You may have had this experience: finally settling down with that book you’ve been meaning to read or the paperwork you’ve been meaning to do, only to find that you just can’t focus. If there are other demands on your attention—kids, for example—sustained concentration can seem near impossible.
This unpleasant problem feels like a modern one, and research backs that up, suggesting our digital addictions are destroying our ability to concentrate. But if it makes you feel any better, parents haven’t really had an attention span to speak of for most of the last century.

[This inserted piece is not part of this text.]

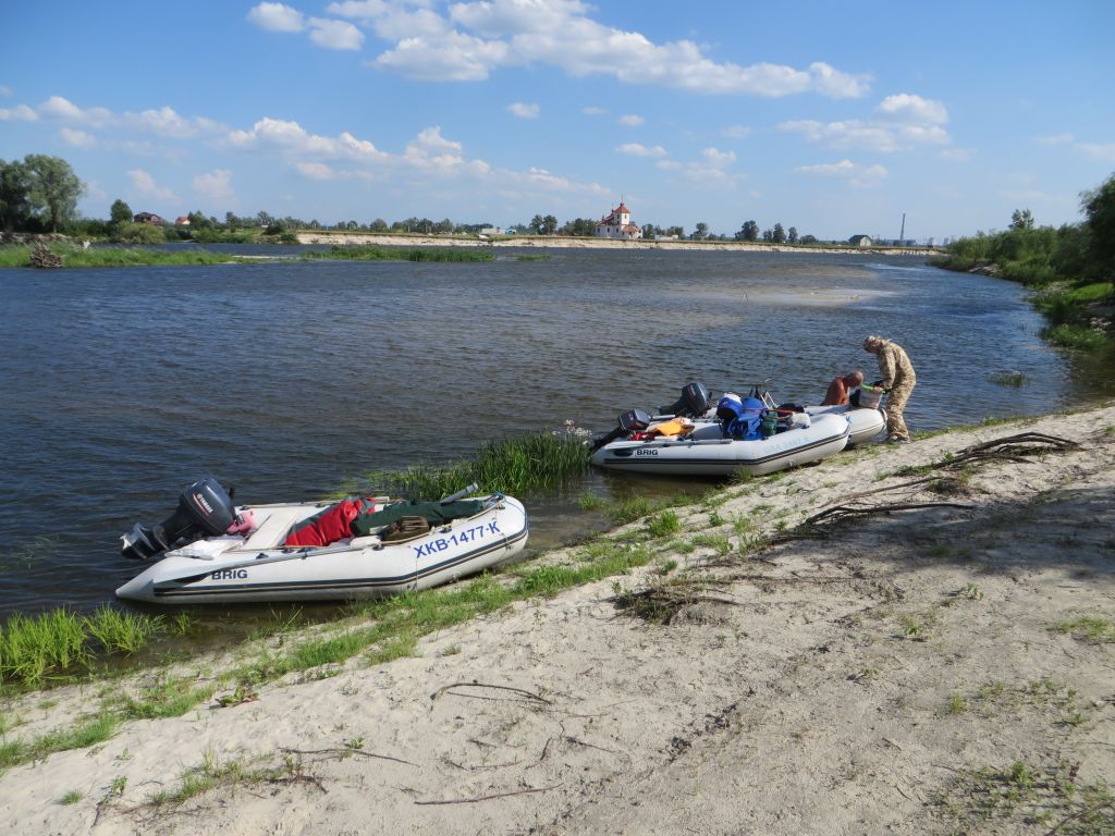 Шли тремя лодками - Бриг Д330W под Я-8 2т., Гранд-330 под Я-15 2т. и Бриг Д330 под Я-15 2т.. Сначала мы машинами приехали в Киев, оставили машины в Киеве на базе недалеко от впадения Десны в Днепр, перегрузили вещи в микроавтобус, который довёз наз в п.Гремяч около границы с россией на р.Судость по которой мы вошли в Десну, а перед Киевом вышли из Десны в Днепр. Весь поход занял 8 дней от момента выезда из Одессы и Харькова и до момента приезда назад в Одессу и Харьков(с 23.06 по 30.06.2017г.). На воде мы были с 24.06 по 30.06, т.е. 7 дней из них ходовых - 6 дней и один день отдыха. Так же из этих ходовых 6 дней 2 дня были чисто символическими - для того, чтобы не сильно устать первый и последний ходовой день мы прошли по 16-18км.. Остальные 4 дня мы проходили по 120-180км в день. Мы шли со скоростью от 26 до 31км\ч, но старались держать 27-28км\ч. На наших лодках расход варьировался от 13,7 до 17л\100км. Из потерь - несколько раз влетали в мели, но всё обходилось. Одна лодка налетела мотором на что-то бетонное или металлическое, итог - отбитый кусочек пера на Я-15. Больше особых происшествий не было. Сильно пугали мелями от Леток до Пуховки. Мели были и много, но никакого особого дискомфорта они нам не доставили - их было видно и мы легко их обходили. Полная версия отчёта тут: Вся Украинская Десна-2017: отчёт с элементами онлайна

“There comes a moment in every mother’s life when she takes up a book or serious article in a magazine and finds that she cannot fix her attention upon it, that she has lost her power of concentration,” educator Jessica Cosgrave wrote in the 1929 parenting manual The Psychology of Youth: A Book for Parents. (The book is out of print but was recently spotted and highlighted by Lyndsey Jenkins, a doctoral candidate in history at Oxford University.) Cosgrave continued:
If she has once had that power to an unusual degree, she will probably find that it has only become diminished by the duties of the recent years, and by a little effort she can bring it back. If, however, her power of sustained attention was never very good, she may sigh hopelessly and feel that what little power she had is gone forever.
The founder of Finch College, a girls’ preparatory school in New York, Cosgrave prepared young women for lives of near-constant industriousness at home and in work. She believed women’s lives should unfold according to a strict and unvarying schedule: education until the age of 22, work until 26, stay home raising at least four children (any fewer would allow too much idle time) until about 40, before resuming work or politics until the age of 70. (At this point, presumably, a good Cosgrave Woman would be permitted to survey her achievements with satisfaction and die.)
Such a prescriptive view would probably be unpopular today, but Cosgrave was also an early advocate for a recognizably modern form of parenting: one that harnessed new developments in psychology and behavioral science for the benefit of children and the people rearing them.
The concentration deficit plaguing parents today is nothing new. Neither are arguments about technology. “The telephone, automobile, and moving pictures have made a totally new environment for our growing children, and have caused a real chasm between the generations,” she wrote, several decades before the Snap IPO.